Moving forward, Linda Brabant will take over at EvergreenHealth Home Care as executive director. Korte even still has trouble not saying “we” when referring to EvergreenHealth.

But now, he is moving from a nonprofit agency to a PE-backed one, though he emphasized he did not want Frontpoint to get the label as “just another PE-backed provider.”

While venturing on a for-profit path by working with MA may seem like a paradoxical strategy to some home health providers, Korte and his partners are confident in their ability to build a viable, nationwide business with a focus on MA.

“We want to be the go-to for them and prove that we are worth better rates and approach partnerships directly with the plans and directly with the health systems for capacity and quality,” Korte said. “There’s nothing groundbreaking about it, except for the fact that no one’s really doing it.”

The plan is to start off in Texas, create some density, and then move to other regions of the country and do the same. Frontpoint will not be rebranding the organizations it acquires, however. The goal is to centralize the MA focus, while keeping things hyper-localized on the provider level.

“We may not even go with a single EMR,” Korte said. “We don’t have the goal to just drive efficiency for the sake of the bottom line. Our goal is to grow, win in the markets and create a significant amount of volume.”

Different MA strategies

Providers have been harsh on the way MA plans pay for home health services, particularly over the last couple years.

Certain providers have even deprioritized MA patients due to staffing constraints and the sub-par rates from plans. Still, the larger providers have made it clear they want to flesh things out with MA plans to form more feasible relationships in the future.

At the same time, there are examples of providers that are taking the more “proactive” approach that Frontpoint is.

For instance, the private equity-backed, Tennessee-based HomeFirst Home Healthcare has adjusted its operations to deal with the fact that there are so many more MA beneficiaries than there used to be in the markets it serves.

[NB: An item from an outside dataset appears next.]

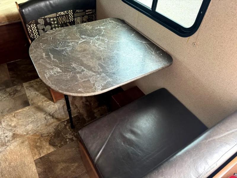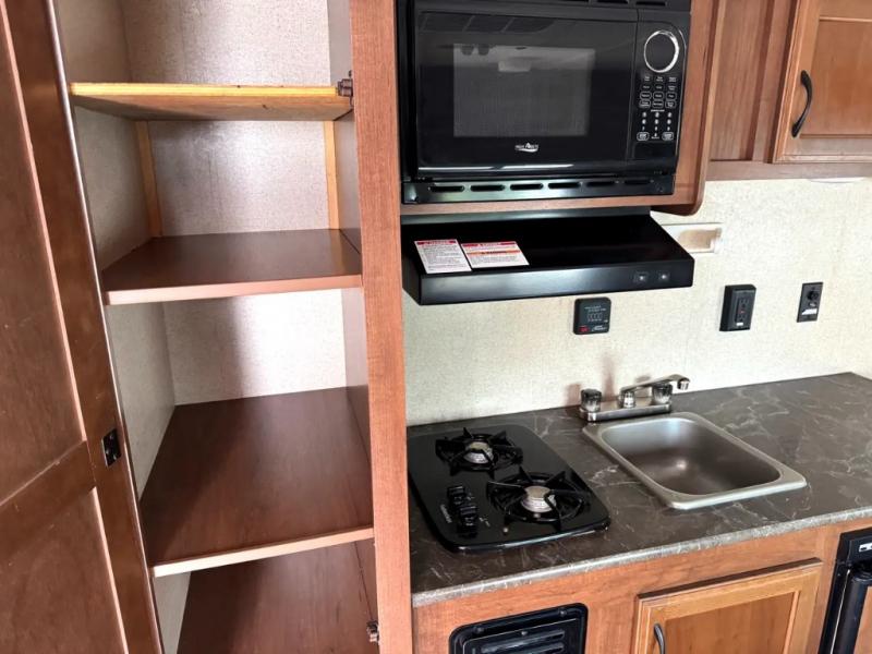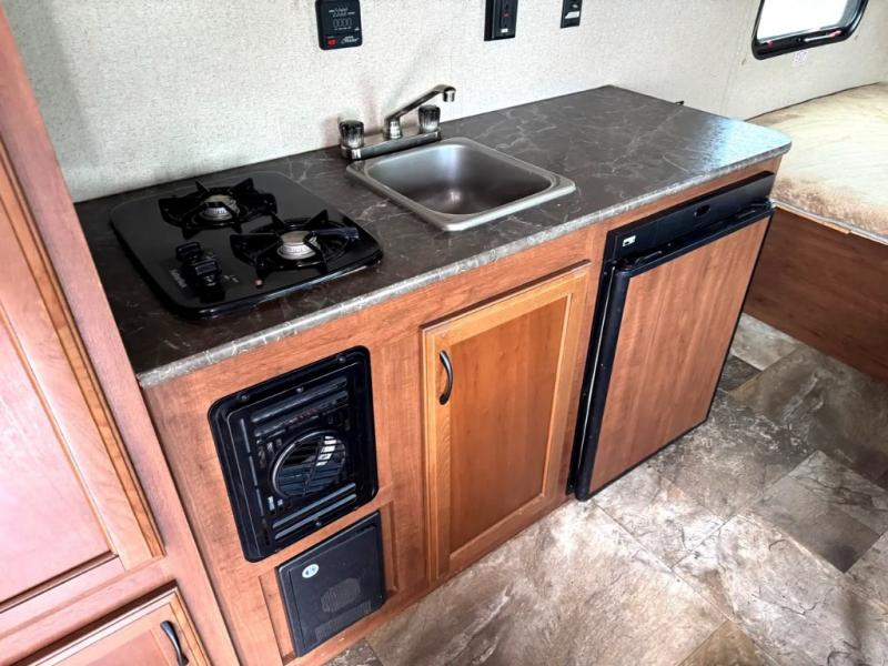 You can easily fix meals and snacks while away from home with the two burner range and microwave. Clean up is easy with the kitchen sink. There is also a refrigerator, extra counter space, and a large pantry. On the opposite side of the trailer enjoy meals at the dinette. You can convert the dinette into extra sleeping space if needed.

“It’s just like any other business where your cost of goods sold is below your payment rate,” HomeFirst President and CEO Jim Happ told HHCN in June. “In order to generate a profit, we have to gear ourselves toward the payment. … So I just think we’re better getting out in front of this and being proactive versus moving away from it.”

Korte subscribes to the same logic, which makes him the right man to helm Frontpoint.

As opposed to resisting, his company believes adapting instead is the best way forward. Only time will tell if Frontpoint’s approach is the correct one.

“When you look at the evolution of Medicare Advantage – and the fact that it is a tidal wave – if you’re not engaging in it, you’re about to get sucked up into that tidal wave,” Korte said. “If organizations are not fully prepared to provide care at those MA rates and grow their organization to have that efficiency and that level of value, they’re going to get swept up and not have long futures.”